Exercise Set: Pattern Matching in Perl

Try the following scripts on nucleotide search results such as hivtatresult.txt .
  1. pubmeds.pl prints out all PUBMED lines. The condition ( $line =~ /PUBMED/ ) holds if the line contains the word PUBMED.
  2. Suppose we are interested in extracting the actual PUBMED numbers? The condition ( $line =~ /^\s*PUBMED\s+\d+/ ) means the line should start (^) with zero or more spaces (indicated by a * after \s), followed by the string PUBMED, followed by one or more (indicated by +) spaces, followed by one or more digits. To extract the digits, place parentheses around (\d+), and, whenever there is a successful match, $1 stands for the characters matched by the symbols within the parentheses. The script pubmednums.pl uses this pattern-matching technique to extract PUBMED numbers.
  3. version.pl grabs version reference numbers from the rna text file. Multiple pairs of parentheses can be used to extract several parts from the string ($1, $2, $3, ... stand for the parts of interest, in order). The script uses a last; statement. This causes control to break out of the loop--appropriate in this case because we assume there is only one VERSION line and there is no need to read the succeeding lines.
  4. gettrans.pl extracts the translation string from the file. Notice that the string may occur in multiple lines so it involves detecting the line that contains the string /translation=" and then reading the next lines until a line containing " is read.
Exercises:
  1. (Easy) Write a perl script that prints out the accession code for the file (the file has a single line with the word ACCESSION).
  2. (Moderate) gettrans.pl has a bug.
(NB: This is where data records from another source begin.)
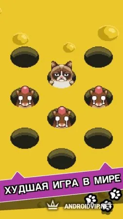 Сердитый Котик: ужасная игра - главный герой этой аркады - реально существующий кот по имени Соус Тардар. Он стал известен на весь мир благодаря своей сердитой на вид мордочке. Общественности настолько понравился этот пушистик с необычной внешностью, что интернет буквально был завален мемами с его участием, кота брали в рекламные ролики и даже издали о нём книгу.
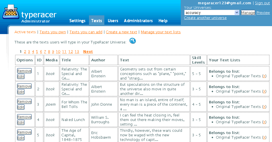 • Hey Sean, it will be pretty easy for me to put quotes from other universes into the main rotation. Six hundred is not enough, I agree, and that’s part of the reason I want people to create their own universes – to share the burden of entering new texts. About the skill levels – texts are roughly segmented by length, depending on skill level (the idea is to not make a beginner have to type one quote for 5 minutes).
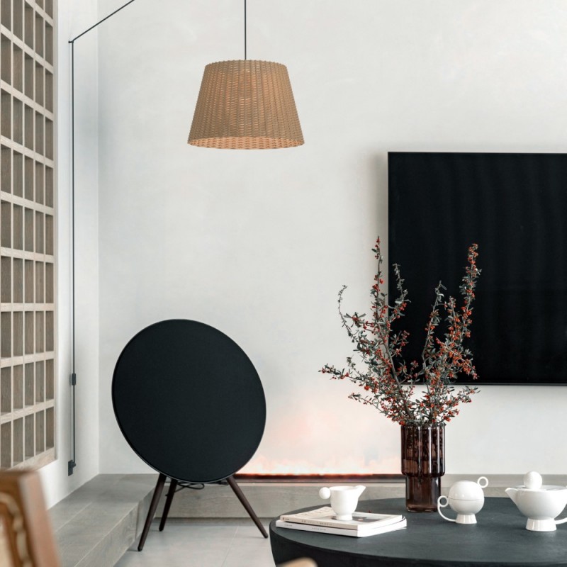 Het licht wordt harmonieus geprojecteerd door het gevlochten vlechtwerk en creëert warme en gezellige ruimtes.
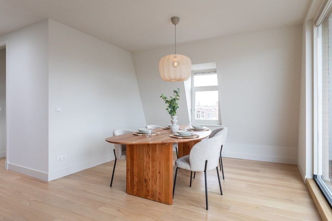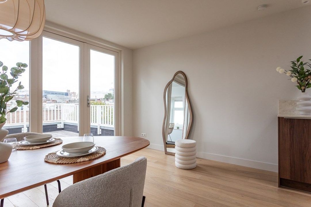 Het woongedeelte bevindt zich op de derde verdieping, waardoor je hier profiteert van veel licht en een vrij gevoel. De keuken ligt centraal in de woning en sluit aan op de eetkamer, vanwaar je via openslaande deuren toegang hebt tot het zonnige dakterras. Aan de voorzijde bevindt zich de royale woonkamer, een fijne plek om te ontspannen. Ook op deze verdieping is een apart toilet aanwezig.
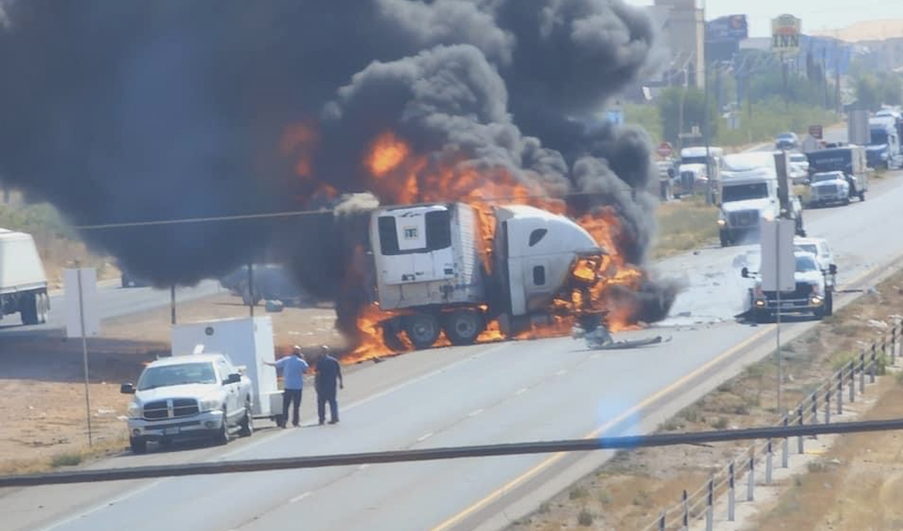 MIDLAND, TX – A fiery crash involving an 18-wheeler shut down a portion of I-20 on Thursday morning in Midland.
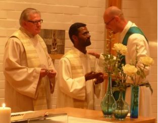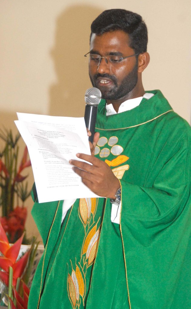 Het was zaterdagavond 9 januari 2016 omstreeks 5 uur ‘s middags Indiase tijd toen de wijdingsviering van pater Kumar begon en werd geleid door bisschop Susai Manickam van het bisdom Sivagangai – in de provincie Tamil Nadu gelegen in het zuiden van India. Het was een mooie en plechtige viering. Pater Kumar vertelt verder: “De volgende morgen, zondag 10 januari 2016 om 8.00 uur ‘s morgens heb ik mijn 1e H. Mis opgedragen in mijn dorp Kummangulam (in het bisdom Thanjavur) in dezelfde provincie Tamil Nadu. De viering was in mijn moedertaal Tamil, een van de officiële talen van India. Ik moest even wennen om weer te spreken en te zingen in Tamil, omdat mijn hele priesterstudie in filosofie en theologie – een periode van 11 jaar – uitsluitend in de Engelse taal is geweest. Ik was vanaf mijn 17e in het seminarie en de voertaal is Engels, omdat de seminaristen uit verschillende provincies van India afkomstig waren.”
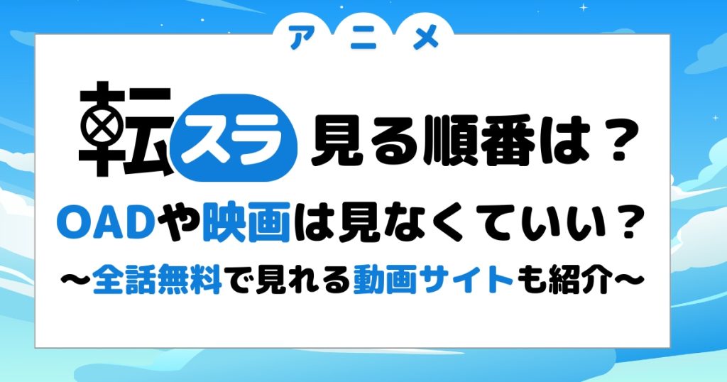 アニメ「転スラ」の見る順番は?OADや映画は見なくていい?全話無料で見れる動画サイトも紹介「転生したらスライムだった件(転スラ)」は2018年にアニメ化された小説作品であり、2021年に2期、2024年に3期、またOAD版やスピンオフ版の放送もしています。本記事では、アニメ『転スラ』の見る順番について、時系列や全話無料で見れる動画サイトなどもあわせて解説します。

If the translation string occurs in one line (e.g., /translation="MGLSDGEWQLVLNVWGKVEADIP"), it will not work. Correct the perl script so it works even for this case.
  3. (Difficult) Write a perl script that lists all authors indicated in the file. Author information are all those words (could be in separate lines) that occur after the keyword AUTHORS and before the keyword TITLE. Note that there may be several occurences of the keywords AUTHORS and TITLE in the file.